I like it with Cabernet Sauvignon, Zinfandel or Amarone.


----------



## joeswine (Mar 10, 2011)

I LIKE THE SIMPLE ITALIAN DISHES MADE THIS ONE YESTERDAY,TOOK EXTRA VIRGIN OLIVE OIL,SWEET ONION SLICED THIN SAUTÉED TILL NOT QUIT DONE ADDED PEAS, SALT ,PEPPER AND GARLIC POWDER ,A LITTLE WHITE WINEAND WINE BUTTER ,COOK BOW TIE PASTA SEPARATELY NOT QUITE ALDON TA,DRAINED WELL TOSSED IN TO THE MIX COOK EVER SO LITTLE ADDED REGGIANO AND LUGATELL CHEESE,GLASS OF VALPOLICELLA SET .........................MMMMMMMMMMM


----------



## Rocky (Mar 10, 2011)

joeswine said:


> I LIKE THE SIMPLE ITALIAN DISHES MADE THIS ONE YESTERDAY,TOOK EXTRA VIRGIN OLIVE OIL,SWEET ONION SLICED THIN SAUTÉED TILL NOT QUIT DONE ADDED PEAS, SALT ,PEPPER AND GARLIC POWDER ,A LITTLE WHITE WINEAND WINE BUTTER ,COOK BOW TIE PASTA SEPARATELY NOT QUITE ALDON TA,DRAINED WELL TOSSED IN TO THE MIX COOK EVER SO LITTLE ADDED REGGIANO AND LUGATELL CHEESE,GLASS OF VALPOLICELLA SET .........................MMMMMMMMMMM





Sounds great Joe.
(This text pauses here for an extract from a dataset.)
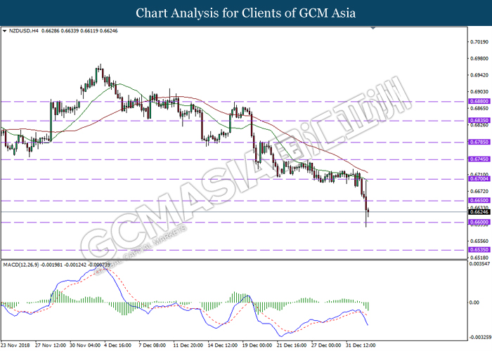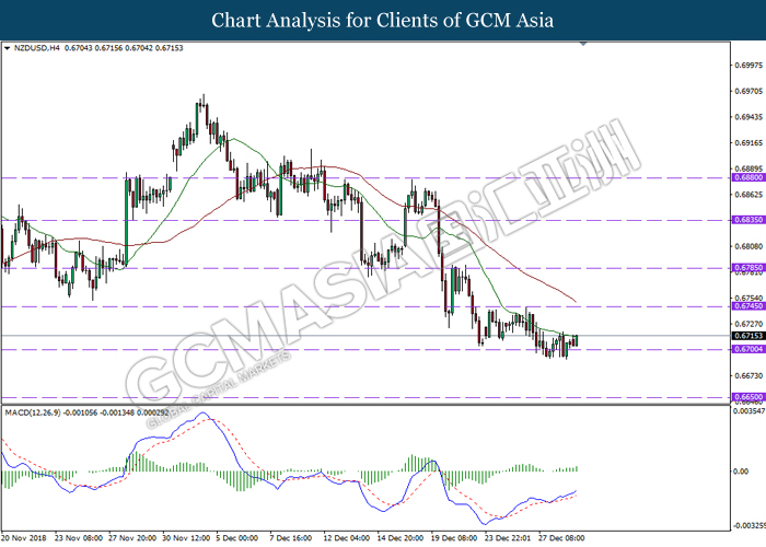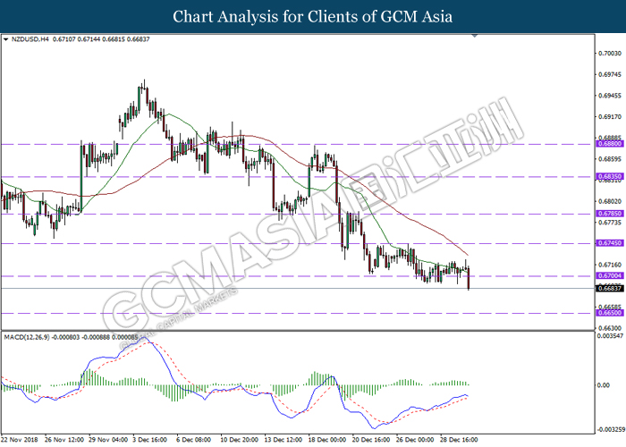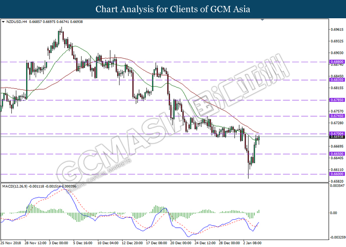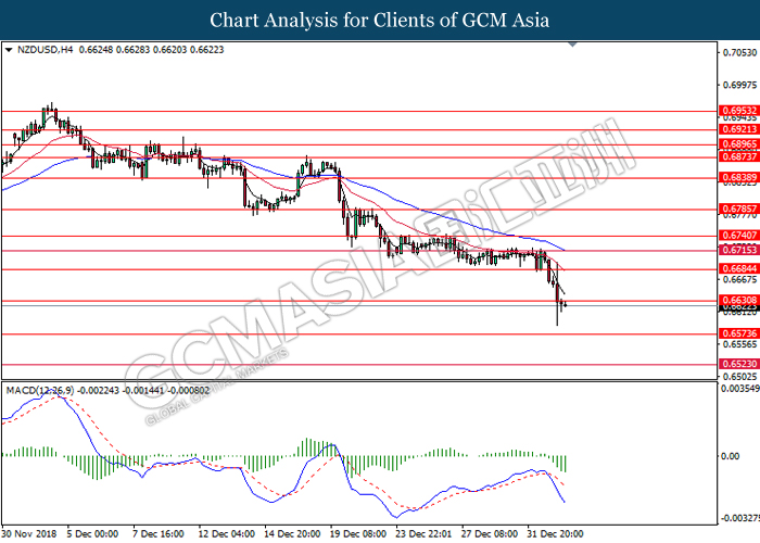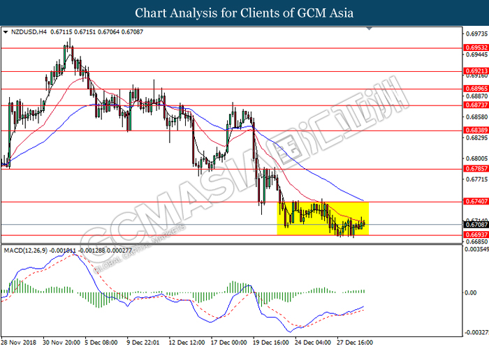 NZDUSD, H4: NZDUSD was traded lower following prior retrace from the downward trendline. MACD which illustrate diminishing upward momentum suggests the pair to experience technical correction in short-term.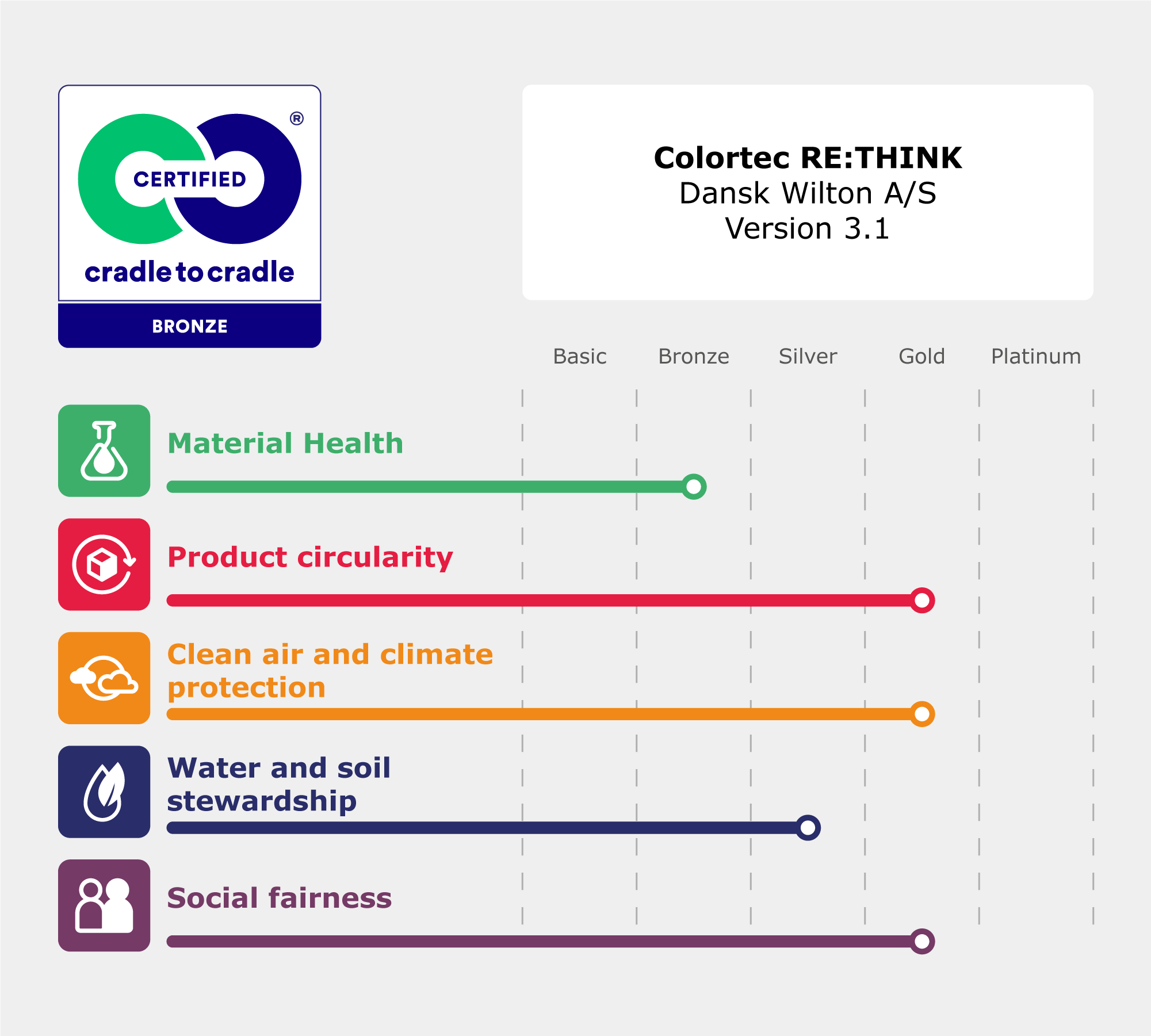 Les tapis Colortec RE:THINK de Dansk Wilton sont certifiés Cradle to Cradle®

I like the addition of peas for sweetness. I will have to try that soon!


----------



## joeswine (Mar 10, 2011)

what kind of sauce does it produce,are you relying of the greens moisture and the sausage drippings,i had this not to long ago it was great food ,as most italian cooking is,do you like gazpacho soup,here's a quick excellent one,ingredients2 large yellow pepper,2large red pepper,1sweet onion,1 1/2 gallon bottle of mr/ms t bloody mary mix,,in a large sauce pan place olive oil,1/2 of the diced red and 1/2yellow peppers along with the onion,saute until not quit done,pour in the bloody mary mix and bring to a simmer.let cook down for 1 hr. at the half hr. mark add the balanceof thepeppers finish out the rest of the hr. serve with a french baguette and viognier..salt and pepper to taste,also 2 tablespoons of paprika at the halfway mark,very quick and excellent.try it ............


----------



## Rocky (Mar 10, 2011)

Joe, the sauce us a combination of the juice from the escarole, the olive oil, the liquid from the beans and garlic. I try to get most of the fat from the sausage out, but if you like that, use it and cut down on the olive oil. 


Your gazpacho sounds great. I will have to try it. We normally eat it cold but I know that it can be served either way.


----------



## joeswine (Mar 11, 2011)

got it thanks


----------